Rouse has a great aptitude for challen-ging traditional beliefs about sport in Ireland. For example, the notion that cricket, the most popular field game in rural Ireland in the mid-nineteenth century, was destroyed by the rise of hurling is well and truly disproved. Similarly, the GAA is shown to have been nothing like the hotbed of IRB membership or extreme nationalism that it is often thought to have been prior to 1916.

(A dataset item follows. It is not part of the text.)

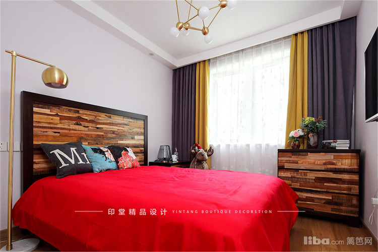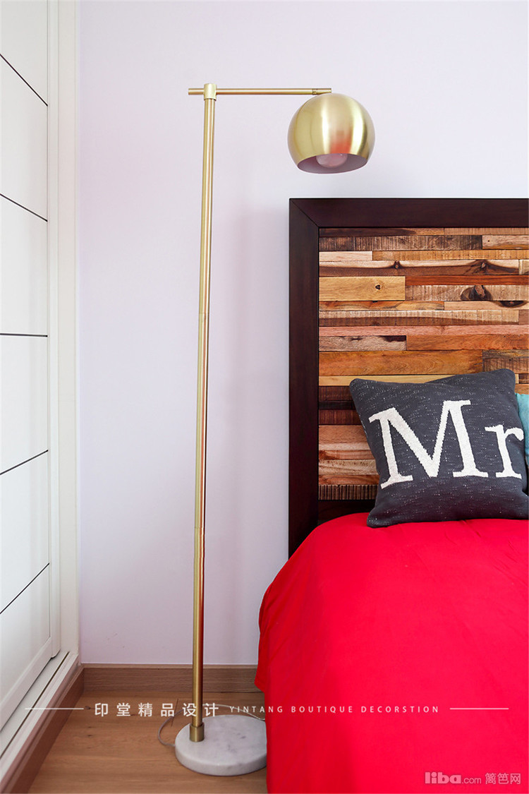 卧室与客厅相呼应,延续了简洁的主题,白色的墙面,金属灯饰作为点缀。在床的选择上彰显了不乏的品味,木质拼贴的款式加入做旧的效果,艺术感十足。

Rouse is particularly good at explaining the links between sport and its times. In looking at Irish sport in the 1950s, he analyses the huge growth of Irish soccer, only for it to be devastated by the economic slump and the talent drain of players across the channel. This was the decade, too, when Maeve Kyle was attacked for ‘offending motherhood’ by going to all sorts of foreign countries to run in athletics meetings, while McQuaid’s infamous attempt to prevent a soccer match with communist Yugoslavia also gets appropriate dishonourable mention in Rouse’s panorama.

Any criticisms of the book? It feels a bit light on Irish cycling’s challenges and on links with diaspora sport, perhaps, and I’d definitely like to see more of the wonderful photographs that dot the book. Yet all sports history enthusiasts have their hobby horses, so to speak, and it would be unfair to expect Rouse to ride every such horse with equal fervour. It was a little surprising to see some of the more recent developments in Irish sport, particularly the ‘opening up’ of Croke Park, given pretty brief treatment by comparison with other themes. Then again, it is a book on the ‘history’ of sport in Ireland—perhaps Rouse wants to let some dust settle before he considers more contemporary developments in detail. If that sequel does eventually appear, and if it is as good a read as this one, it will have been well worth the wait. I recommend Sport and Ireland: a history—highly!

Kevin McCarthy is the author of Gold, silver and green: the Irish Olympic journey 1896–1924 (Cork University Press, 2010).